Submitted to: Database: The Journal of Biological Databases and Curation
Publication Type: Peer Reviewed Journal
Publication Acceptance Date: 10/9/2023
Publication Date: 11/6/2023
Citation: Sen, S., Woodhouse, M.H., Portwood Ii, J.L., Andorf, C.M. 2023. Maize feature store: a centralized resource to manage and analyze curated maize multi-omics features for machine learning applications. Database: The Journal of Biological Databases and Curation . 2023. Article baad078. https://doi.org/10.1093/database/baad078.

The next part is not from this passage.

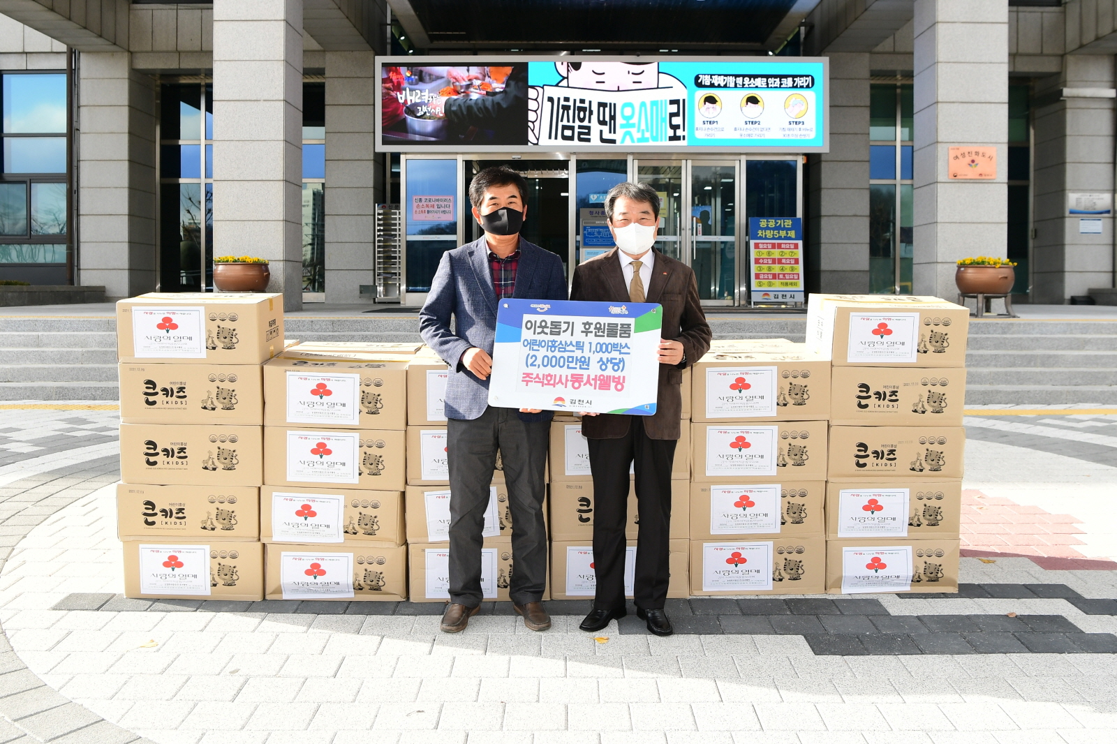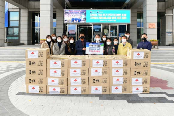 | 11월 20일 농업회사법인(주) 동서웰빙(대표 최경자)은 김천시를 방문해 2,000만원 상당의 기능성 홍삼스틱제품 1,000박스를 전달했다.

DOI: https://doi.org/10.1093/database/baad078

Interpretive Summary: The analysis of large-scale, complex data associated with maize genomes is increasingly used to promote genetic research and improve agronomic traits. As a result, efforts have increased to integrate these diverse datasets and extract meaning from their relationships. Currently, there are no tools to rapidly link and evaluate these data and their relationship to genes. In our work, we present the Maize Feature Store (MFS), a versatile application that combines features built on complex data to facilitate gene exploration, modeling, and analysis. In addition, the MFS integrates various machine-learning algorithms that can significantly simplify the prediction of complex genome annotations and functions, and is capable of creating an accurate classification model for predicting genes conserved across all varieties of maize.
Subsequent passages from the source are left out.